HDFS 2.4.0 is supported for the HDFS protocol. This Snap supports HDFS, ADL (Azure Data Lake), ABFS(Azure Data Lake Storage Gen 2 ), and WASB(Azure storage) protocols.

Hadoop allows you to configure proxy users to access HDFS on behalf of other users; this is called impersonation. When user impersonation is enabled on the Hadoop cluster, any jobs submitted using a proxy are executed with the impersonated user's existing privilege levels rather than those of the superuser associated with the cluster.
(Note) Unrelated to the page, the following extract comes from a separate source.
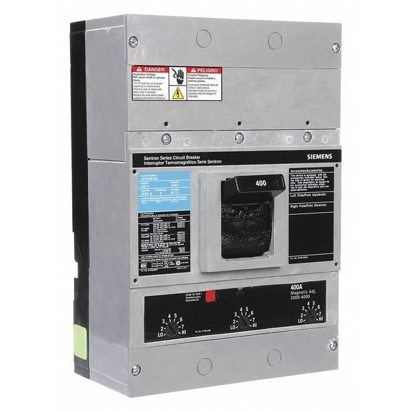 Molded Case Circuit Breaker, 400 A Amps, AC Voltage Rating 240V AC, Max. AIR Rating 65kA at 240V AC, For Use With SB Switchboards Without Lugs, Sentron Panelboards, Series JXD2-A, High Amp Trip Setting 400 A, Low Amp Trip Setting 400 A, Circuit Breaker Type Standard, Number of Poles 3, DC Voltage Rating Not Rated, Terminal Connection Lug, Trip Type Thermal Magnetic, Phase Three, Instantaneous Trip Fixed, Phase Connection ABC, Frame Size 400A/JD

For more information on user impersonation in this Snap, see the section on User Impersonation below.

Prerequisites:

[None]

Limitations and Known Issues:
  • Supports reading from HDFS Encryption.
  • Works in Ultra Task Pipelines.
  • The platform does not support generating output previews for files larger than 8KB. This does not mean that the Snap has failed: The file will be read upon the Snap's execution; only the output preview will not be generated upon validation.
Account: 

This Snap uses account references created on the Accounts page of SnapLogic Manager to handle access to this endpoint. This Snap supports Azure storage account, Azure Data Lake account, Kerberos account, or no account. Account types supported by each protocol are as follows:

ProtocolAccount typesDocumentation
wasbAzure StorageAzure Storage
wasbsAzure StorageAzure Storage
adl

Azure Data Lake

Azure Data Lake
hdfsKerberosKerberos


Required settings for account types are as follows:

Account Type

Settings

Azure Storage

Account name, Primary access key

Azure Data Lake 

Tenant ID, Access ID, Secret Key

Kerberos Account

Client Principal, Service Principal, Keytab File

IAM Roles for Amazon EC2

global.properties

jcc.jvm_options = -DIAM_CREDENTIAL_FOR_S3=TRUE

Please note this feature is supported in only in Groundplex nodes hosted in the EC2 environment.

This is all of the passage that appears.